### WORK TASK
The answer is the full listing below, copied exactly, with its pictures omitted.

### DATA EXCERPT
--------
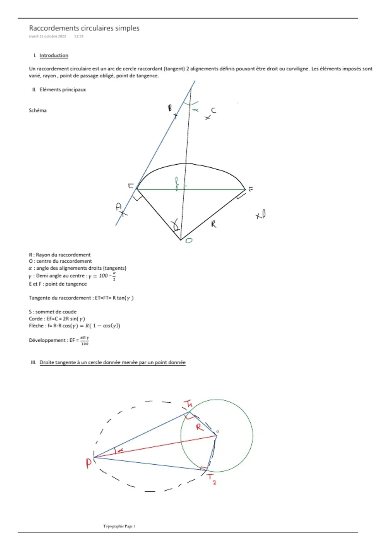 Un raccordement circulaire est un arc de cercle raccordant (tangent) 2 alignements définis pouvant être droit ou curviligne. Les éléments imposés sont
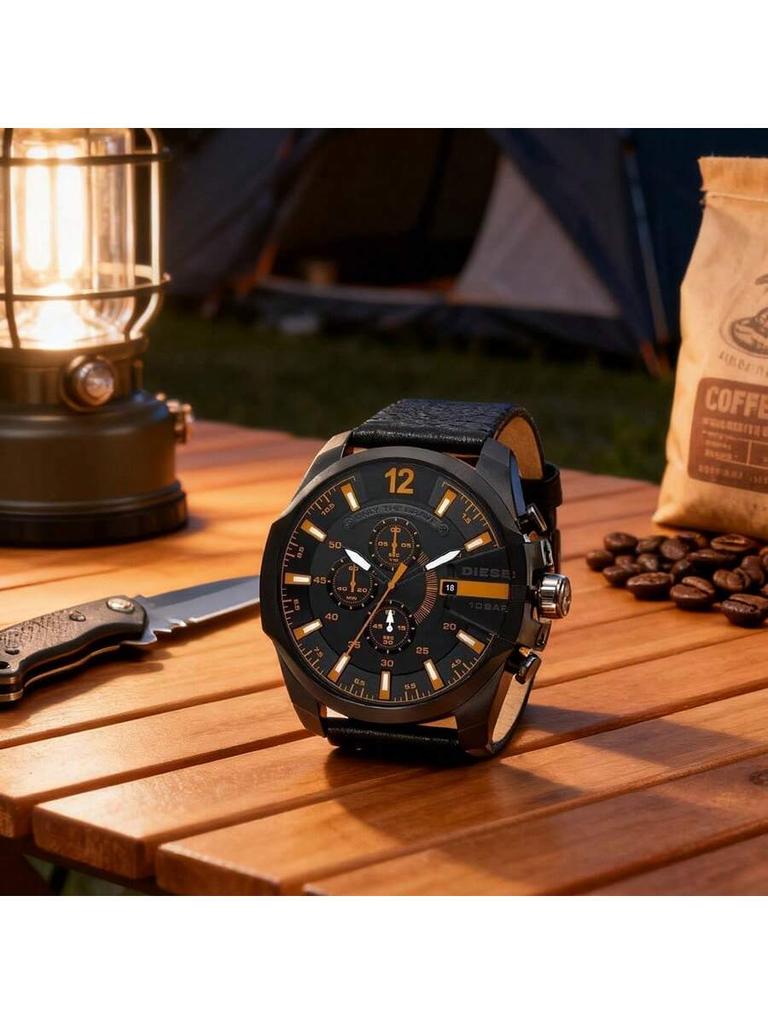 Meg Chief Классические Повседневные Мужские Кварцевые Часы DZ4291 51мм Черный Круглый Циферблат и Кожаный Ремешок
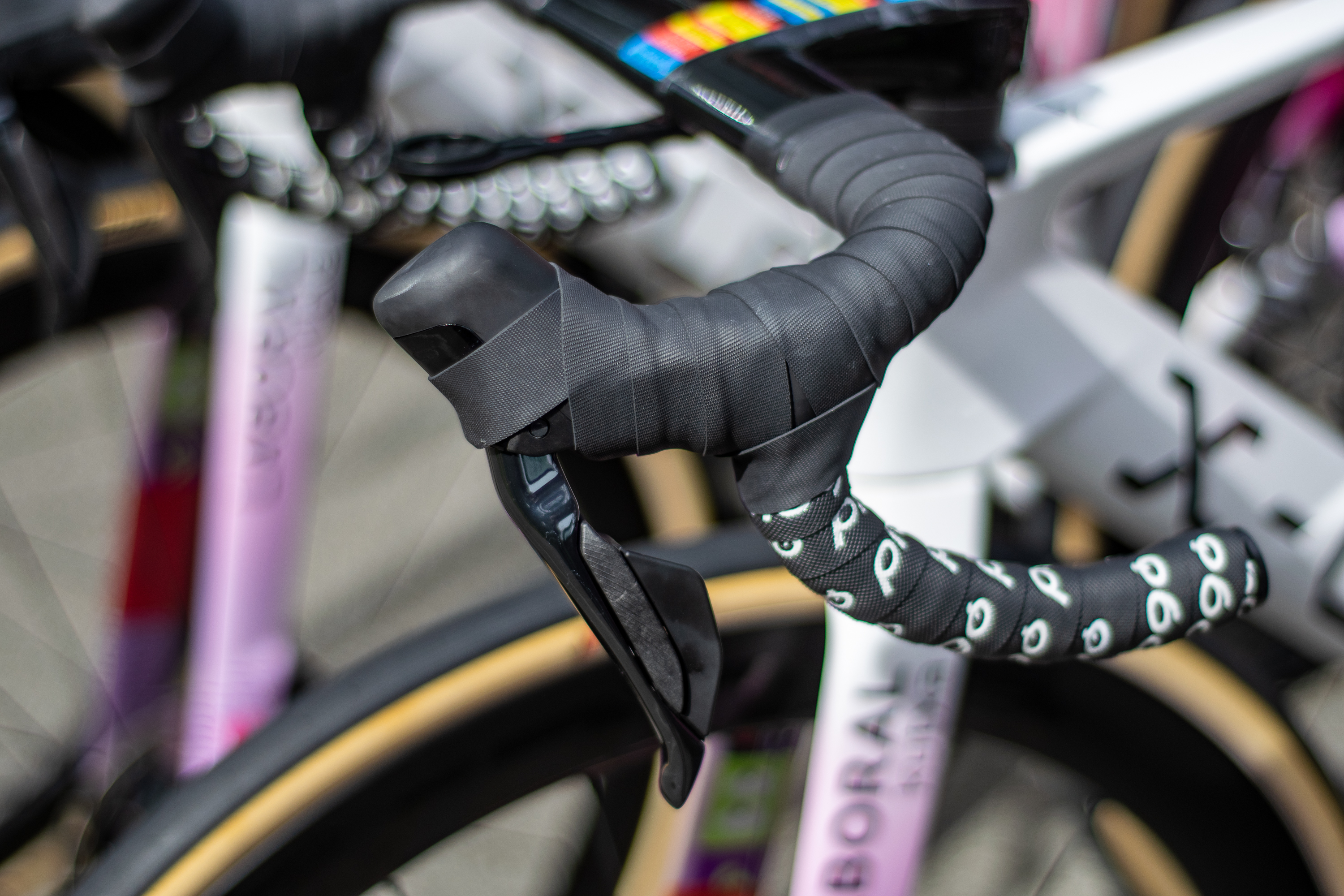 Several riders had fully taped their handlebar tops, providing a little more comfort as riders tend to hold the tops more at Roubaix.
--------
### SOLUTION
 Un raccordement circulaire est un arc de cercle raccordant (tangent) 2 alignements définis pouvant être droit ou curviligne. Les éléments imposés sont
 Meg Chief Классические Повседневные Мужские Кварцевые Часы DZ4291 51мм Черный Круглый Циферблат и Кожаный Ремешок
 Several riders had fully taped their handlebar tops, providing a little more comfort as riders tend to hold the tops more at Roubaix.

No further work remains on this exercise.